Ritüeller

Kübra Tekin
500Pub
Published in
2 min readOct 7, 2019

Dünyanın en dağınık insanlarından biriydim. Ölümüne dağınıklıkta huzur bulabilirdim. Dağınıklığının içindeki düzeni, karmaşanın içindeki ahengi severdim. Lakin yaşlanınca durum tamamen değişmeye başladı. 30'lu yaşlara geldiğimde içimden bir “OMO kadını” çıktı desem yalan olmaz. Dağınıklıktan nefret ediyorum. Düzene ve hiçe saydığım kurallara bayılıyorum yaşlılıkla beraber.
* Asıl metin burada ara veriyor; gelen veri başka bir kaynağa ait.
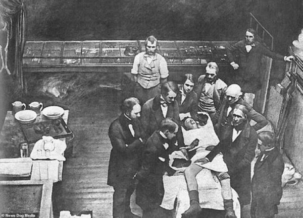 На этой фотографии запечатлен первый случай, когда пациента усыпили с помощью анестезии. Операция проводилась в Гарвардском университете в Бостоне, США. В Великобритании анестезию впервые применил Роберт Листон. Источник изображения: dailymail.co.uk
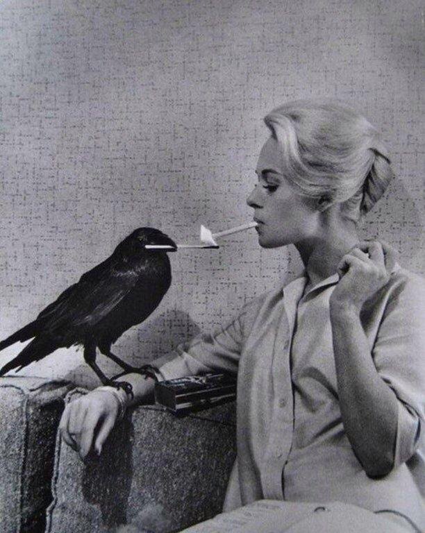 Представьте себе: Ворон, этот загадочный и умный птиц, решает зажечь сигарету для Типпи Хедрен прямо на съёмках культового фильма "Птицы" в
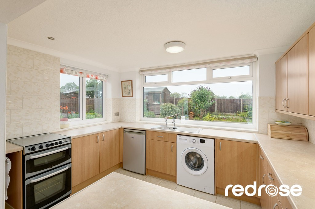Kitchen has built-in wall and base units, large triple glazed side and rear windows providing views to the generous sized rear garden and patio.
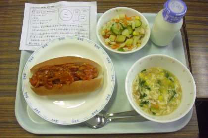 今日は、セルフチリサンド、牛乳、ポテト入りフレンチサラダ、コーンと卵のスープです。

Farkettiğim şey ise, kuralların hayatı nasıl daha iyi hale getirdiği, zaman tasarrufu yaptığı ve bana daha iyi geldiği oldu. Dağınıklığın beni yorduğunu anlamam ise bu sürece başlamamdaki sebep oldu. Fiziksel dağınıklığı geçtim, ruhsal dağınıklıkla hala sorun yaşıyorum. Zihnimi ordan oraya sürüklüyor, yapmam gerekene odaklanmak yerine, ara yollarda gezinip duruyorum. Bu konuyu nasıl daha iyi hale getirmeliyim diye düşünürken enteresan bir makale okudum.

Okuduğum bir yazıya göre beyin ritüelleri severmiş. Her gün düzenli olarak, düzenli saatlerde yaptığın işi yapmak; odaklanmayı arttırır ve beyne iyi gelirmiş. Hani derler ya yarın bugünden başlar, programlamalısın diye. Esasında her gün yeni bir program değil, var olan bir günlük düzen olması gerekiyormuş. Her gün aynı saatte yatmak, kalkmak, kahvaltı yapmak, kahvaltıda yediğin besinler, çalışma esnasında dinlediğin müzik, çalışma ortamının ambiyansı gibi gibi... Beyin ritüel ile beraber hipnotize etkisi olurmuş ve yaptığın işi en iyi yapmana yardımcı olurmuş. Başarılı yazarların, düşünürlerin, bilimadamların neredeyse tamamının günlük ritüelleri varmış. Yani her gün yeni bir şey yapmak değil, yaptığın ya da yapmakta olduğun işi her gün düzenli bir şekilde tekrar edince gerçekten yaptığın işte başarılı oluyormuşsun. Kulağa hoş geliyor. Hazır sonbaharın hayatı düzenleyen etkisi gelmişken kendimize günlük ritüel oluşturmak denemeye değer.